DESCRIPTION OF THE TASK: Word for word, repeat the data; no picture should appear in the result.

DATASET EXCERPT:
+--

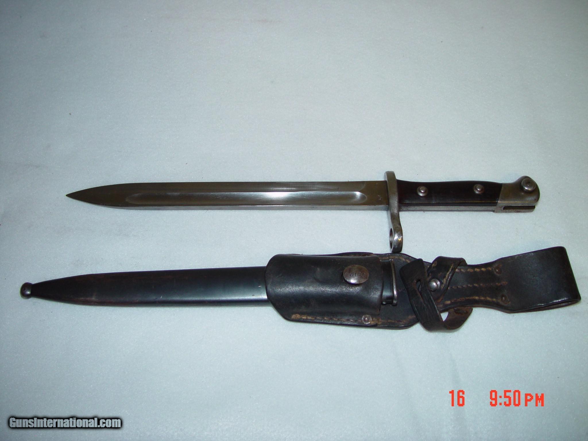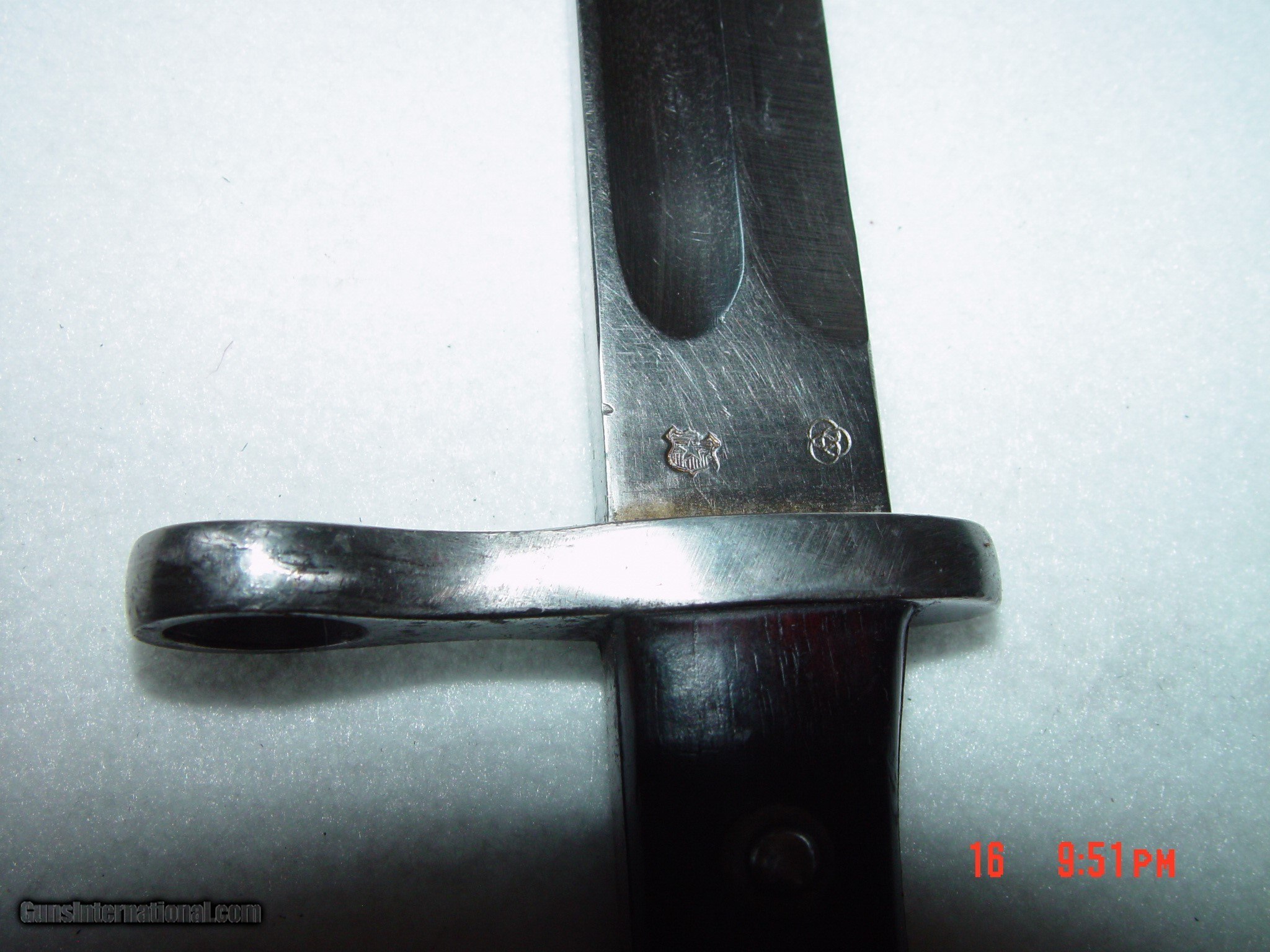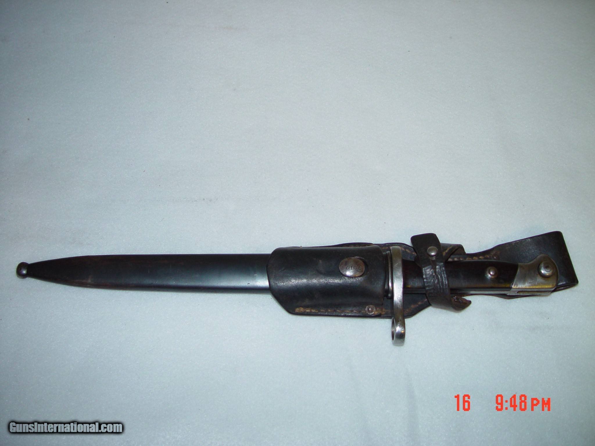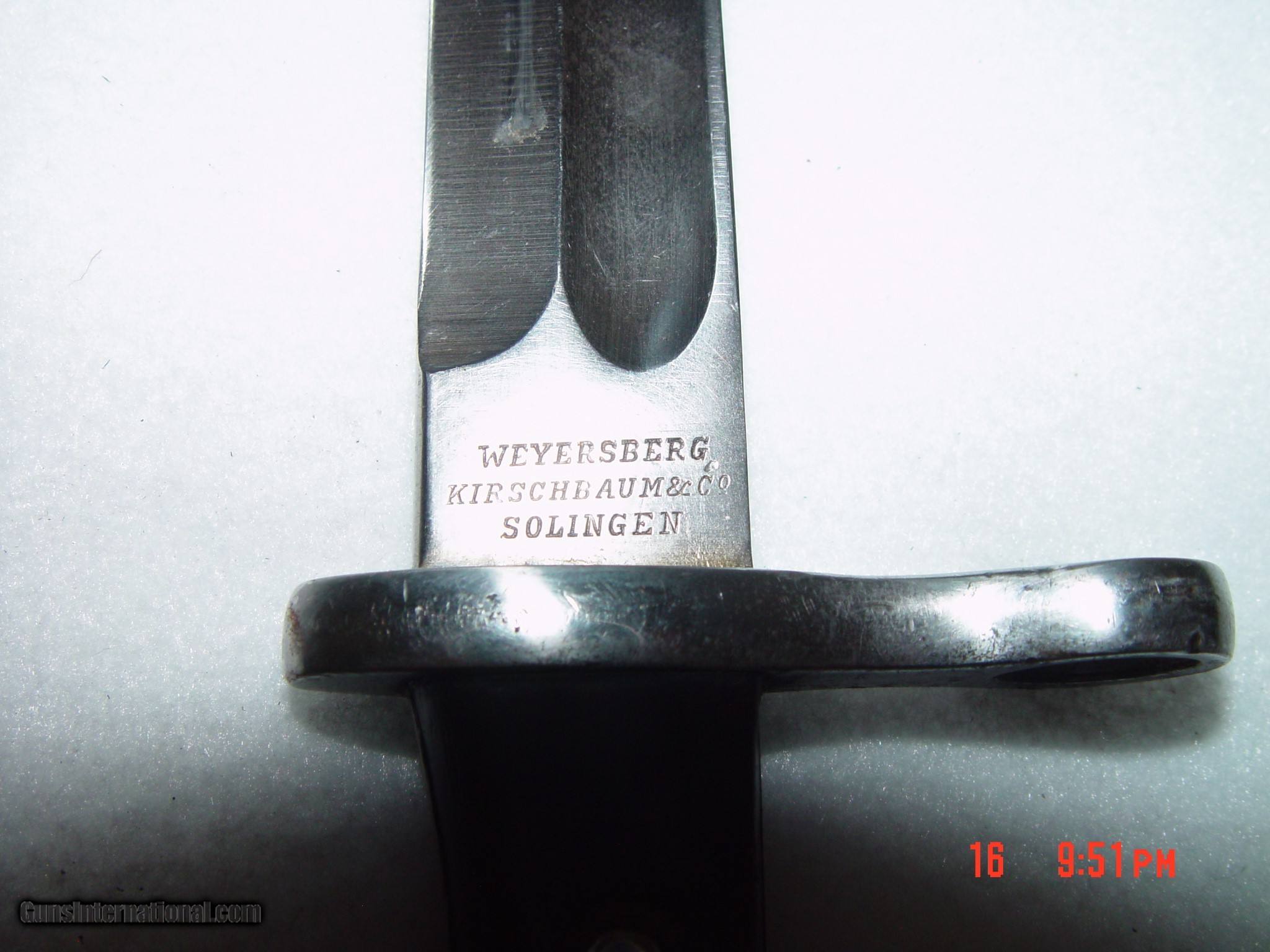 Description: THIS BAYONET HAS A 10" BLADE WITH ACCOPANYING SCABBARD AND FROG. THE BAYONET WAS MADE BY WEYERSBERG KIRSCHBAUM & CO. THERE IS NO RUST ON THE METAL AND THE SCABBARD IS IN OVERALL GOOD SHAPE WITH ONLY A COUPLE STITCHES COMING LOOSE ON THE LOOP FOR THE HANDLE. SOLD |
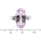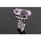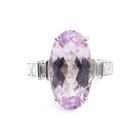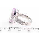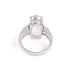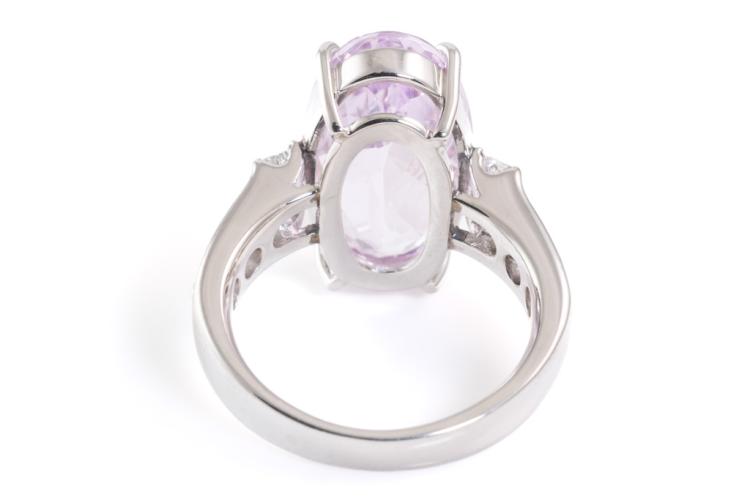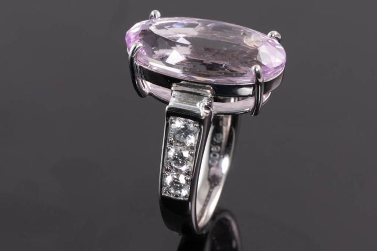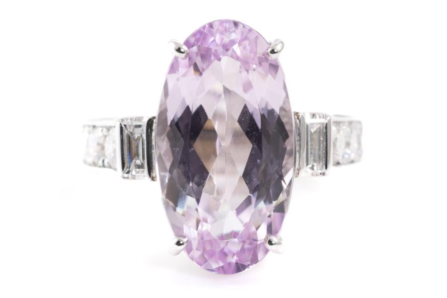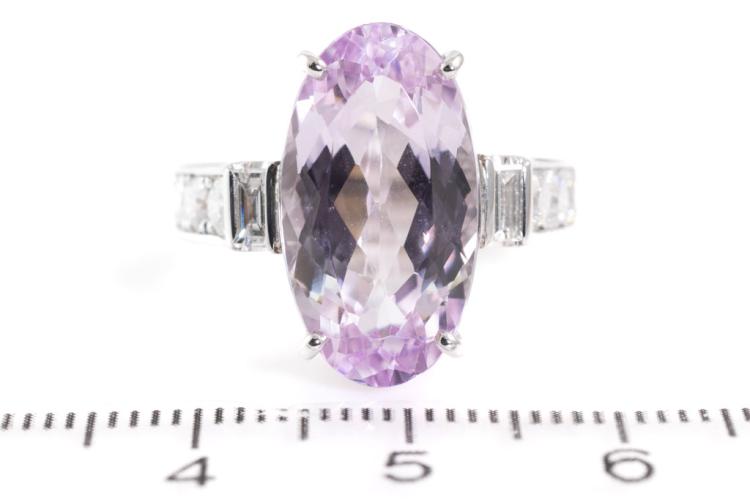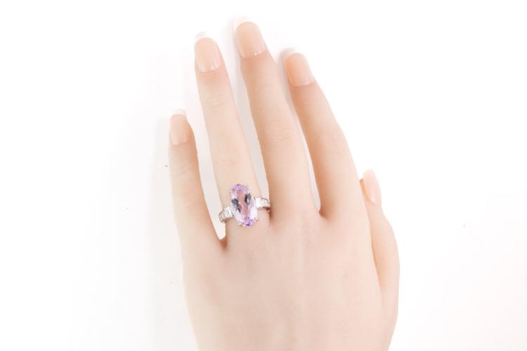 Kunzite and Diamond ring with an oval shape Natural Kunzite of 8.23ct and round & baguette cut Natural Diamonds totalling 0.72ct (Estimated grading: G SI). Platinum -900. Ring size L. Weight: 10.1g. (Pre-owned)
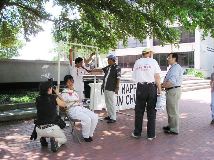 5月28日下午,学员们再次在路易斯安那州首府巴特鲁日的市政府前進行了用酷刑演示讲真象的活动。该市的主要英文报纸“提倡者报”(The Advocate)的两名记者得知消息后赶来采访。其中一位记者拍了许多恶警酷刑折磨法轮功学员的照片,足足拍了一个小时。一位西人学员回答了记者的许多问题。
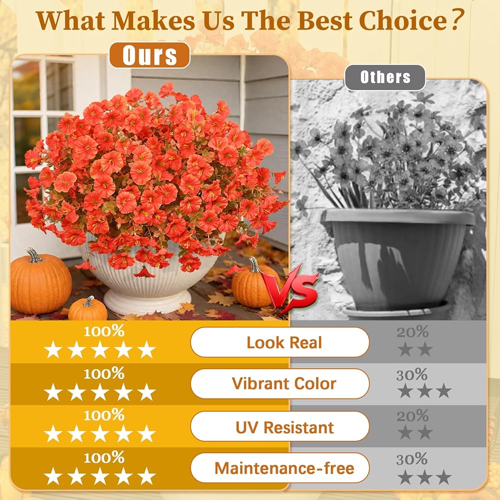 • 【لا توجد صيانة وطازجة خالدة】 الزهور المزيفة للمزارعين في الهواء الطلق توفر جمالًا خاليًا من الصيانة-لا سقي أو تقليم أو صيانة موسمية مطلوبة. يوفر استثمار واحد أناقة دائمة مع التخلص من الحاجة إلى عمليات شراء الزهور الطازجة المتكررة وصيانة. تطابق بسهولة أي تفضيل على النمط ، وجلب سحر والأناقة الخالدة.

+--

RESULT OF THIS TASK:
 Description: THIS BAYONET HAS A 10" BLADE WITH ACCOPANYING SCABBARD AND FROG. THE BAYONET WAS MADE BY WEYERSBERG KIRSCHBAUM & CO. THERE IS NO RUST ON THE METAL AND THE SCABBARD IS IN OVERALL GOOD SHAPE WITH ONLY A COUPLE STITCHES COMING LOOSE ON THE LOOP FOR THE HANDLE. SOLD |
 Kunzite and Diamond ring with an oval shape Natural Kunzite of 8.23ct and round & baguette cut Natural Diamonds totalling 0.72ct (Estimated grading: G SI). Platinum -900. Ring size L. Weight: 10.1g. (Pre-owned)
 5月28日下午,学员们再次在路易斯安那州首府巴特鲁日的市政府前進行了用酷刑演示讲真象的活动。该市的主要英文报纸“提倡者报”(The Advocate)的两名记者得知消息后赶来采访。其中一位记者拍了许多恶警酷刑折磨法轮功学员的照片,足足拍了一个小时。一位西人学员回答了记者的许多问题。
 • 【لا توجد صيانة وطازجة خالدة】 الزهور المزيفة للمزارعين في الهواء الطلق توفر جمالًا خاليًا من الصيانة-لا سقي أو تقليم أو صيانة موسمية مطلوبة. يوفر استثمار واحد أناقة دائمة مع التخلص من الحاجة إلى عمليات شراء الزهور الطازجة المتكررة وصيانة. تطابق بسهولة أي تفضيل على النمط ، وجلب سحر والأناقة الخالدة.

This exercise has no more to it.